Vor allem den ersten von mir gelisteten Punkt des Artikels möchte ich mehrfach, dick und mit mehreren Farben unterstreichen. In Gesprächen mit anderen Lehramtsstudierenden oder auch fertig ausgebildeten Lehrenden erschrecke ich manchmal über deren Einstellung zu Smartphones und anderen Gadgets oder Computern ganz allgemein.
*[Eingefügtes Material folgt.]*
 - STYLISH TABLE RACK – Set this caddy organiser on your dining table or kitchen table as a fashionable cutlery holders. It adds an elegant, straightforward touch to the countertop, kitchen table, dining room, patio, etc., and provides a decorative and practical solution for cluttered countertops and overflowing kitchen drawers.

Bin ich selbst ein digital native und werde damit eine neue Generation von Lehrenden stellen? Ich weiß es nicht. Ich fühle mich nicht so, sondern als wäre ich irgendwo dazwischen. Ich bin alt genug, um Internet, MP3-Player und Smartphone nicht als von Natur gegeben zu betrachten, aber auch jung genug, um technische Neuerungen nicht als Bedrohung sondern vielmehr als Chance wahrzunehmen. Dabei bezieht sich die Einteilung in „jung“ und „alt“ nicht auf das biologische Alter, sondern auf meine Einstellung.
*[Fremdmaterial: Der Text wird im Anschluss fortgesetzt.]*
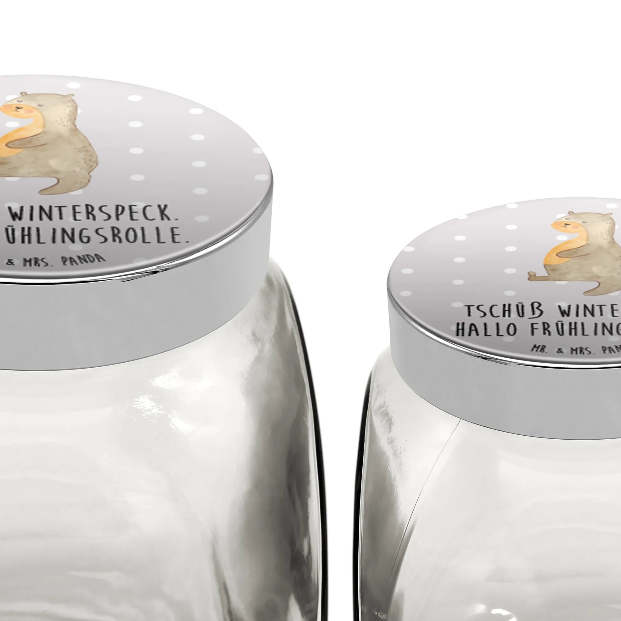 Mit seinem niedlichen Motiv eines zufriedenen Otters und dem witzigen Spruch "Tschüß Winterspeck. Hallo Frühlingsrolle!" zaubert es nicht nur ein Lächeln ins Gesicht, sondern bietet auch einen praktischen Nutzen in der Küche. Dieses Bonbonglas ist multifunktional und ideal für die Aufbewahrung von Süßigkeiten, Keksen, Kaffee, Tee, Müslis, Gewürzen und mehr.

Ich kann mich noch daran erinnern, wie viel Mühe das Erstellen von Mix Tapes gekostet hat – und bin eben genau darum dankbar dafür, auf meinem MP3-Player Musik für alle Stimmungslagen in meiner Hosentasche durch die Welt tragen zu können. Ich weiß, dass es unzählige Lernprogramme und Vokabeltrainer für das Smartphone gibt – schreibe aber weiterhin lieber Vokabellisten und Karteikärtchen. Ich lebe in zwei Welten, suche mir aus beiden Welten das für mich Passende aus und versuche, die jeweiligen Nachteile und Gefahren einzugrenzen. Ich bin ein Hybrid.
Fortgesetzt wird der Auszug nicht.